By all accounts, he was nice to just about everybody. He gave autographs in restaurants and posed for pictures. He enjoyed his celebrity and shared his joy. On the job he was always willing to appear at network and affiliate meetings, working the room with a smile and a joke.
He was a loyal friend and supportive colleague. During the first season of “8 Simple Rules,” his best friend invited him to a Bruce Springsteen concert and said he was buying tickets for Mr. Ritter, too, Ms. Pilch recalled. “[Mr. Ritter] said, `No, I can’t come. There’s this young actor in my show and he’s saving me a seat. He’s doing a play.’ And they were like, `Come on, you can just say you will come to the play another night.’ John said, `No, I told him I’d be there. He’s saving me a seat. And I need to be there.’ And as much as John wanted to go to that Bruce Springsteen concert, he had a commitment. He stood by it.”
He was born Jonathan Southworth Ritter on Sept. 17, 1948. His father was Tex Ritter, a popular country singer who strongly discouraged John from becoming an actor. As a young man he went to the University of Southern California to study psychology but soon switched to theater, beginning a long love with the stage as well as with film and TV. That love was reflected back by his fans.
“I was always amazed,” recalled Ted Harbert, who was recently named president and CEO of the E! Networks. “More than anybody I can think of, John handled that level of stardom with, frankly, so little effect on who he was as a person. He just maintained his level of self. He was just always kind and decent to the very end.”

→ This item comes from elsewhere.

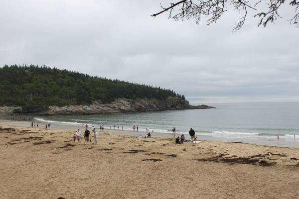 This is the view behind the Jordan Pond restaurant of Jordan Pond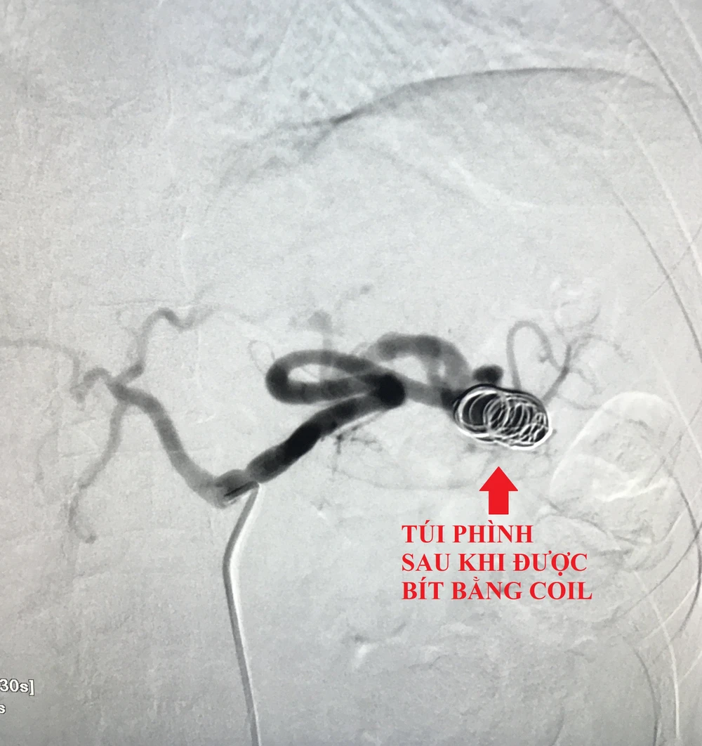 Theo đó, các bác sĩ mở một lỗ nhỏ ở động mạch đùi, qua đó luồn ống thông vô đến lỗ động mạch lách, sau đó đến vị trí túi phình và thả 3 coil (vòng xoắn kim loại) bít hoàn toàn túi phình. Bệnh nhân hết đau tức vùng bụng và được xuất viện sau 2 ngày.

Mr. Ritter’s genius was his ability to have one leg in slapstick farce and the other in drama. His 1977 breakthrough in “Three’s Company” was a transitional event for television and the sexual revolution. For the first time, attractive, single young men and women were living under one roof, even if they were lying to get away with it. Mr. Ritter’s Jack Tripper was a little goofy, very accident-prone, always in hot water and inevitably able to charm his way out of whatever trouble found him-all the while watching Suzanne Somers and Joyce DeWitt broadcast in jigglevision. The show shot to No. 1.
Mr. Harbert was an executive at ABC during the run of “Three’s Company,” which was based on French bedroom farce. It was broad and silly, he recalled, but Mr. Ritter made it real.
“When you would read a `Three’s Company’ script, you’d say this is silly and too broad and too big and too over the top,” Mr. Harbert said. “But John had a way. You could always believe Jack Tripper was real. It wasn’t big over-the-top comedy. John pulled it off. You actually understood who he was as a character. That was a trip. And farce is hard to do.”
While Fred Allen, Jack Paar and Bob Hope’s topical jokes no longer hold up, reruns of Mr. Ritter as Jack Tripper will delight many generations to come. His comedy in that signature role had universal appeal. While most comedy aims at one group, his was watched by grandma, mom and the kids.
Jack Benny used to say that simply making people laugh was not enough. “People can scream at a comedian and yet can’t remember anything afterward to talk about. To become successful, they must like you very much-they must have a feeling, like `Gee, I wish he was a friend of mine. I wish he was a relative.”‘
With his appeal for viewers of all generations, John Ritter was a friend we gladly invited into our homes. The Emmy voters have done us a favor by reminding us what we have lost. Our world is enriched because he came and knocked on our door.